Door Lammert Huizing
'Mag ik zonder vorm van proces iemand liquideren? Hoe erg moet iemand mij benadelen voordat ik hem, uit de weg mag ruimen?' In de oorlog kregen verzetsmensen met vragen als deze te maken. Het werd nog moeilijker voor hen om te beslissen als de Duitse bezetter op een liquidatie reageerde met vergeldingsacties, die het leven kostten aan veel onschuldige burgers. Het gaat hier om een schemergebied tussen recht en wraak. Meer dan 500 mensen zijn in de oorlog door het verzet omgebracht. Militairen en bestuurders werden weloverwogen geliquideerd omdat ze een gevaar vormden voor hun omgeving. Collaborateurs, onbetrouwbare verzetsmensen en gevaarlijke onderduikers vormden ook een doelwit.

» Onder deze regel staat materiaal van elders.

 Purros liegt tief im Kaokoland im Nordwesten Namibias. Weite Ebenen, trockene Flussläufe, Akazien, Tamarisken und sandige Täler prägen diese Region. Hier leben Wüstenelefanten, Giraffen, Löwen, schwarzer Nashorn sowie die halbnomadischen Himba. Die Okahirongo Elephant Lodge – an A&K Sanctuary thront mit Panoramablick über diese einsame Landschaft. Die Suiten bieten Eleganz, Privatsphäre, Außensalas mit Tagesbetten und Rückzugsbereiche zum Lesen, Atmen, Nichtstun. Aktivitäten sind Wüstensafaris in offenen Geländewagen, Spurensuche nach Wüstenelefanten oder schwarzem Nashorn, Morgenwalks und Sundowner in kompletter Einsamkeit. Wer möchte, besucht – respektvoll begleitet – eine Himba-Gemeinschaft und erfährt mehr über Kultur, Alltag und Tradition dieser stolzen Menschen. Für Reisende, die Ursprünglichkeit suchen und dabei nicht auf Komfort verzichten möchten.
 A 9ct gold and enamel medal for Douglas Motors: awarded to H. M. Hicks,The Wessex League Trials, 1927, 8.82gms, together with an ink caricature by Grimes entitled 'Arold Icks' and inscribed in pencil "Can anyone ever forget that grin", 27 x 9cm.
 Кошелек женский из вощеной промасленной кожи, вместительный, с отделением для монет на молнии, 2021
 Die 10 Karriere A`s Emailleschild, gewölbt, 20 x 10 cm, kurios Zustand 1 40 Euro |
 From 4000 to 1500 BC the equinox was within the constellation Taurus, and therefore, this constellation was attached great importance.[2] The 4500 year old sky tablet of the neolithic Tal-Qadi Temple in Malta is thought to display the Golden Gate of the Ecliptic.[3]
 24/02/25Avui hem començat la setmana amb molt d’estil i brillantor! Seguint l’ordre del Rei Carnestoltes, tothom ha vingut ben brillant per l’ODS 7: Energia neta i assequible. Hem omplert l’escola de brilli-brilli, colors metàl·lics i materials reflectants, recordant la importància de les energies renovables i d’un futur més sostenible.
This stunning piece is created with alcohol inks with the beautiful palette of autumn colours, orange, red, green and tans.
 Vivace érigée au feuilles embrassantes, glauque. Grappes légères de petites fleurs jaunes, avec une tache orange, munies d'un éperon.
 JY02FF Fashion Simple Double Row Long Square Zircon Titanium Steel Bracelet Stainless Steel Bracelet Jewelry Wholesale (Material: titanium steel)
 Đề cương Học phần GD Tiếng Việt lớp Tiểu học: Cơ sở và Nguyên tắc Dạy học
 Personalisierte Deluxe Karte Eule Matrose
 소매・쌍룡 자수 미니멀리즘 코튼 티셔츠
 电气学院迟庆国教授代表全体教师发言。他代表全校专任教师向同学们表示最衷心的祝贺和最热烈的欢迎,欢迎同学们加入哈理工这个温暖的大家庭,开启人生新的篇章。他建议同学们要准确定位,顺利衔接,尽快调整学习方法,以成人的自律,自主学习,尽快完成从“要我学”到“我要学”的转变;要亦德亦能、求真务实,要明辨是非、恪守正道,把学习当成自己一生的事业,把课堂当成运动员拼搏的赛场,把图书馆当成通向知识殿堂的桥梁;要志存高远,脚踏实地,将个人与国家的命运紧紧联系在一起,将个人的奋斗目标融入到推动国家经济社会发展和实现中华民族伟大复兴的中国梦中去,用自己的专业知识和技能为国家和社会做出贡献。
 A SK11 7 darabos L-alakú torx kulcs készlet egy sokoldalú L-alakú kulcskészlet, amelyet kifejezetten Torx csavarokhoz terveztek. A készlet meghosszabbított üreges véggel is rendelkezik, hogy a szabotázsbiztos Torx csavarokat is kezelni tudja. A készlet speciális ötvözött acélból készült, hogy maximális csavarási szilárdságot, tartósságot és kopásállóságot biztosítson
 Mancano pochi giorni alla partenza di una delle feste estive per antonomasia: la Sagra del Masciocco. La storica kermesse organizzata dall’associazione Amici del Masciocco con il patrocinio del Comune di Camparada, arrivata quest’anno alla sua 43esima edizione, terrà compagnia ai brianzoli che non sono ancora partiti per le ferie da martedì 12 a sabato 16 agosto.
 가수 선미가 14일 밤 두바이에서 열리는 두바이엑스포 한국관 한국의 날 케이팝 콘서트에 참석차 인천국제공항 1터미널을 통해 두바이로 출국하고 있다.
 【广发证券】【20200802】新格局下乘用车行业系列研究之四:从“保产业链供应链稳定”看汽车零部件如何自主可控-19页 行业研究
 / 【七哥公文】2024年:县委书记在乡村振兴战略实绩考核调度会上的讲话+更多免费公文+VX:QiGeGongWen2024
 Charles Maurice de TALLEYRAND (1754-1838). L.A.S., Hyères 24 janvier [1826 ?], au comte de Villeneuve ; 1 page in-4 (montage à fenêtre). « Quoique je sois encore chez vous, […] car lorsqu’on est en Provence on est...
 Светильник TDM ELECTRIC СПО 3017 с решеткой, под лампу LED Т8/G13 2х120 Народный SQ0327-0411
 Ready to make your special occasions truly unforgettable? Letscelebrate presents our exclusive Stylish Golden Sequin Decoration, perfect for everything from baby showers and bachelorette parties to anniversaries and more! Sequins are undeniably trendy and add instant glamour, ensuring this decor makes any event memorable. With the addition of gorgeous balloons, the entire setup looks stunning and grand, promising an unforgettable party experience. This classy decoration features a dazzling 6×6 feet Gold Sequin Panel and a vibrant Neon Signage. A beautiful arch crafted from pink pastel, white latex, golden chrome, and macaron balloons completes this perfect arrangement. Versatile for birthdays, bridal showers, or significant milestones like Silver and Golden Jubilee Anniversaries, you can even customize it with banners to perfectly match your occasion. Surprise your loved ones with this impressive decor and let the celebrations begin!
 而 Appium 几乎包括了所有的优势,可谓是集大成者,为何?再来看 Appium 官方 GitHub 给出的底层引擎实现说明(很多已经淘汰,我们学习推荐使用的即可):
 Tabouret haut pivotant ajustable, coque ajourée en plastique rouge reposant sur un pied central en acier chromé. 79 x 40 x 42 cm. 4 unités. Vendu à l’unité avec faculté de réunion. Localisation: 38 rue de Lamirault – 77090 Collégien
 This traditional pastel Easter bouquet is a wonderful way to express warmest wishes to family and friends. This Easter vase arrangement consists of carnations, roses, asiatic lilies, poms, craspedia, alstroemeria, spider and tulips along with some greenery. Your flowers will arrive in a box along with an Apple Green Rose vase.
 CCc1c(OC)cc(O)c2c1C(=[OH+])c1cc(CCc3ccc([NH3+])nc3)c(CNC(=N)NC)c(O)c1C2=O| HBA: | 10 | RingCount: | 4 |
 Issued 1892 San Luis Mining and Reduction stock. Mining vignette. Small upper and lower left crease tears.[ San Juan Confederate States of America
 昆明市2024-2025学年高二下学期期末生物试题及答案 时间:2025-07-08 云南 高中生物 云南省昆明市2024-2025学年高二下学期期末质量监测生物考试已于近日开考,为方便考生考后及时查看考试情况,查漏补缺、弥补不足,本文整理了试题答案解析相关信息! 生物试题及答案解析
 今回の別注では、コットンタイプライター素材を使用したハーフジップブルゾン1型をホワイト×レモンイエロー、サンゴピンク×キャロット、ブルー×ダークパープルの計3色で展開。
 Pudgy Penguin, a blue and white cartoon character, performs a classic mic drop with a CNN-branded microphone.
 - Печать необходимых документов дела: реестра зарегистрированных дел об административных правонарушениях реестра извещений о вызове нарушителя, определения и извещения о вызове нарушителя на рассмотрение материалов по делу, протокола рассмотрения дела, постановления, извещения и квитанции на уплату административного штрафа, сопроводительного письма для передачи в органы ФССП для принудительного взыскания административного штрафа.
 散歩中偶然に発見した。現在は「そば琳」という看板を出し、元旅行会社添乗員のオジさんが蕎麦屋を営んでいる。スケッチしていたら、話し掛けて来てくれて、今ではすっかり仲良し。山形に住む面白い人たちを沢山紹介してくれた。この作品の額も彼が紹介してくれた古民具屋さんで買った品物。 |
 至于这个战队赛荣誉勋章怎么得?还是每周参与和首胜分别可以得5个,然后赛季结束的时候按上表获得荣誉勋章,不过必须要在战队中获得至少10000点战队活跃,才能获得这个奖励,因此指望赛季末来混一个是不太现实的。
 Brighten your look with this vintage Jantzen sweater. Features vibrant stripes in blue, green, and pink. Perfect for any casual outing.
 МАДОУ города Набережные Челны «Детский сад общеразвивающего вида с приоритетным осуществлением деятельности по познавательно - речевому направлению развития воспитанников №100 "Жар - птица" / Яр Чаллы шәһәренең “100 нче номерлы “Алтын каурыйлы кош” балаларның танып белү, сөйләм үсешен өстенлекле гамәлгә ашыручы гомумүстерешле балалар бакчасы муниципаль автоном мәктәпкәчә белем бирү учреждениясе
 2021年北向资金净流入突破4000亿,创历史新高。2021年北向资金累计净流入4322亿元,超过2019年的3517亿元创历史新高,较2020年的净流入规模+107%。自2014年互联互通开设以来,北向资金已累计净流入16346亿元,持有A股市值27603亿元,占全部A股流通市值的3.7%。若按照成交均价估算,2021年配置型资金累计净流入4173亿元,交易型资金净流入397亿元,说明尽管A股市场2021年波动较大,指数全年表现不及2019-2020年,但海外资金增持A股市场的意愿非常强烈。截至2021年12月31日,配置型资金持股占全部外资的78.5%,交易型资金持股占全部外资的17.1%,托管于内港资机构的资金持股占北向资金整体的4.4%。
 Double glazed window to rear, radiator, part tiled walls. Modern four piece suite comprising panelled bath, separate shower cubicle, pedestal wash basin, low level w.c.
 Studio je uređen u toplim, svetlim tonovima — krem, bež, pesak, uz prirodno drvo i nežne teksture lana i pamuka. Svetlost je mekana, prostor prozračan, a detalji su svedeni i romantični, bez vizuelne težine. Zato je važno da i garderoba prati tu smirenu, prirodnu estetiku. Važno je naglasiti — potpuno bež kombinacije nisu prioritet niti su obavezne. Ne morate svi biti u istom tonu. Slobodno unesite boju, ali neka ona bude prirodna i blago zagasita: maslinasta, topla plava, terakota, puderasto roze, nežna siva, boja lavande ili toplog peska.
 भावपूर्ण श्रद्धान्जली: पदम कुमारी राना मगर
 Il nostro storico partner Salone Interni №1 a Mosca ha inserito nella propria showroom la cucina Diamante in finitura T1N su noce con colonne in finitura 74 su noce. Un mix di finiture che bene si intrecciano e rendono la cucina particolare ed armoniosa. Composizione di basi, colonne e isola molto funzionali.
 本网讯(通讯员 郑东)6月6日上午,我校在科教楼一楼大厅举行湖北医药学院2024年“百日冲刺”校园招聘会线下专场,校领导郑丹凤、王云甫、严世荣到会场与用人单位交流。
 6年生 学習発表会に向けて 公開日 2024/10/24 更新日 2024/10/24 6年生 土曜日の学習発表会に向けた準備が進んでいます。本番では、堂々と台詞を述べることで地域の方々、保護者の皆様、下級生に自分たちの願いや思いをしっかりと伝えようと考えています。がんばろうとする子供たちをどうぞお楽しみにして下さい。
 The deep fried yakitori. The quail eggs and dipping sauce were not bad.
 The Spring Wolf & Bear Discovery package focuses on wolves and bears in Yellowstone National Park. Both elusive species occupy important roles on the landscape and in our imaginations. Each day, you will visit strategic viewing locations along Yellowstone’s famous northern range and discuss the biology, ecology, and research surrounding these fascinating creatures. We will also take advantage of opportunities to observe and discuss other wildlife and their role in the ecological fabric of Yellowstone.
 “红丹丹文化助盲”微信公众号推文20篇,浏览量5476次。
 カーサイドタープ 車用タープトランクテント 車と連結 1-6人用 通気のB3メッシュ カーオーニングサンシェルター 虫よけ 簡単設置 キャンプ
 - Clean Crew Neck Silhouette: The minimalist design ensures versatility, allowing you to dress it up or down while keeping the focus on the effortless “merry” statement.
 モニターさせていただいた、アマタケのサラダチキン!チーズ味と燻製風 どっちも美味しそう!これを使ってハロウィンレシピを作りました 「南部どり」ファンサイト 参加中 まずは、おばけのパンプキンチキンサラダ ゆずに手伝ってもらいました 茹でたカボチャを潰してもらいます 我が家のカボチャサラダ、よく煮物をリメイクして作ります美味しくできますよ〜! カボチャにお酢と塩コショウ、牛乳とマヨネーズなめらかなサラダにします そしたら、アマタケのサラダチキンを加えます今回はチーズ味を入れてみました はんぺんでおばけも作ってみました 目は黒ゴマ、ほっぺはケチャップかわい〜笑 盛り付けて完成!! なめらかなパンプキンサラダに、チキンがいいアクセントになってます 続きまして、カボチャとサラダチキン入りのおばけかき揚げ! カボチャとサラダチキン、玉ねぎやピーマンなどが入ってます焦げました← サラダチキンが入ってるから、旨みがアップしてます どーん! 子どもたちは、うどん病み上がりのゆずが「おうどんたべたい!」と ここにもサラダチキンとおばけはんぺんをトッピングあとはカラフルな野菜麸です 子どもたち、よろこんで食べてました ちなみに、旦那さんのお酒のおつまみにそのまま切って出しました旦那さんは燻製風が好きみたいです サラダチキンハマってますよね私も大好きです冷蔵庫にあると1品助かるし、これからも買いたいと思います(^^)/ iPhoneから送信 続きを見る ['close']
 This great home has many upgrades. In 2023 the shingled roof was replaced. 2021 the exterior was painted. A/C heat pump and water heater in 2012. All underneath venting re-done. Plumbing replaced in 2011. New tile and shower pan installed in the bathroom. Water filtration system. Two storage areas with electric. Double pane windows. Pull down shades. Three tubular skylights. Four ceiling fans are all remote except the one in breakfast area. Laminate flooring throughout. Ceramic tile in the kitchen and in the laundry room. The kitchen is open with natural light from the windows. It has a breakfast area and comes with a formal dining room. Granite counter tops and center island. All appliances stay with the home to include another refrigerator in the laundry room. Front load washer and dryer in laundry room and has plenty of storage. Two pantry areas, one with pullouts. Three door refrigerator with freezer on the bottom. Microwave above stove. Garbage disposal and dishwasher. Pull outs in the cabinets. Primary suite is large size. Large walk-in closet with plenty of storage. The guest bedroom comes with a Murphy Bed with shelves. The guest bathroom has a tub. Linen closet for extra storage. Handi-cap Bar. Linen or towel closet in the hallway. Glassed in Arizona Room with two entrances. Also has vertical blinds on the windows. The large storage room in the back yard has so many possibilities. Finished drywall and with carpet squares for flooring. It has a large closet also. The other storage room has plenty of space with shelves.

Anderen vielen om dubieuze redenen en zelfs misverstanden. Bij een aantal slachtoffers was woede en wraak het voornaamste motief.
Jack Kooistra, bekend verzamelaar van feiten en jager op oorlogsmisdadigers, beschrijft in zijn boek 'Recht op wraak' de achtergronden en de soms verschrikkelijke gevolgen. Ruim tweeënhalf jaar duurde zijn speurtocht naar namen en feiten.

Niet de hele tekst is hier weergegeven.